Centerline suspension for turbine internal component

Info

Patent number: 8790076
Type: Grant
Filed: Dec 19, 2012
Date of Patent: Jul 29, 2014
Patent Publication Number: 20130108437
Assignee: Demag Delaval Turbomachinery, Inc. (Trenton, NJ)
Inventors: Samuel Golinkin (East Windsor, NJ), Russell V. Caggiano (Fairless Hills, PA), Timothy Ewer (East Windsor, NJ), Gennaro J. DiOrio (Trenton, NJ), Michael J. Lipski (Trenton, NJ)
Primary Examiner: Christopher Verdier
Application Number: 13/719,297

Abstract

A centerline suspension arrangement (42) for a turbine (40). A turbine inner casing (44) is supported within an outer casing (46) via a support member (60) that includes an inner portion (62) contacting the inner casing and an outer portion (66) extending into a slot (68) formed in the outer casing. The support member is slid into an axially oriented slot (64) formed in the inner casing and is body bound therein with respect to radial movements, with the support member and the inner casing slot including opposed vertical support surfaces (82, 90) and a pair of oppositely facing opposed horizontal support surfaces (80, 88 and 86, 92).

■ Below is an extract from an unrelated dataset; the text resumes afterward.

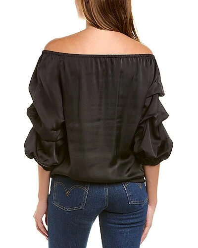- Off-The-Shoulder Top in rich black with elasticized neckline, hem, and cuffs, ruched elbow-length sleeves, and tie side at left

Thus, dead weight and operating loads from the inner casing are reacted through the support member and into the outer casing without the necessity for any bolting or other fastener attachment in the design load path between the support member and the inner casing.

Description

Description

This application is a continuation of U.S. application Ser. No. 12/018,980 filed on 24 Jan. 2008, now U.S. Pat. No. 8,430,625, and it also claims benefit of the 19 Jun. 2007 filing date of U.S. provisional patent application No. 60/944,886.

FIELD OF THE INVENTION

This invention relates generally to turbines, and more particularly to the centerline support of stationary turbine parts (cases, diaphragms, packing boxes, etc.), and in particular to a centerline suspension for a turbine inner casing within a turbine outer casing.

BACKGROUND OF THE INVENTION

Steam and gas turbines operate at high pressure and temperature conditions, and their constituent parts are subjected to significant mechanical and thermal stresses and deformations. In spite of such conditions, proper alignment and concentricity of turbine components must be maintained to ensure minimal clearances between stationary and rotating parts.

Turbine cases often utilize a multi-shell “matryoshka style” design consisting of several separate casings nested inside each other, thereby reducing peak stresses by dividing the entire pressure/temperature drop across several casings. An inner casing is aligned with an outer casing in the so-called “thermal cross” manner, i.e. with interconnections at two mutually perpendicular (e.g. horizontal and vertical) planes. The interconnection at the horizontal plane is made as the centerline suspension which carries both dead weight and reaction loads from rotor rotation and maintains alignment in the vertical direction, with vertical keys being located at the vertical plane for maintaining alignment in the horizontal direction.

FIG. 1 illustrates one such prior art horizontal joint suspension arrangement 10 wherein a portion of the inner casing flange 12 extends into a slot 14 formed in the outer casing. This arrangement functions well, but it requires an increase in the casing size and it significantly complicates the machining of the casing.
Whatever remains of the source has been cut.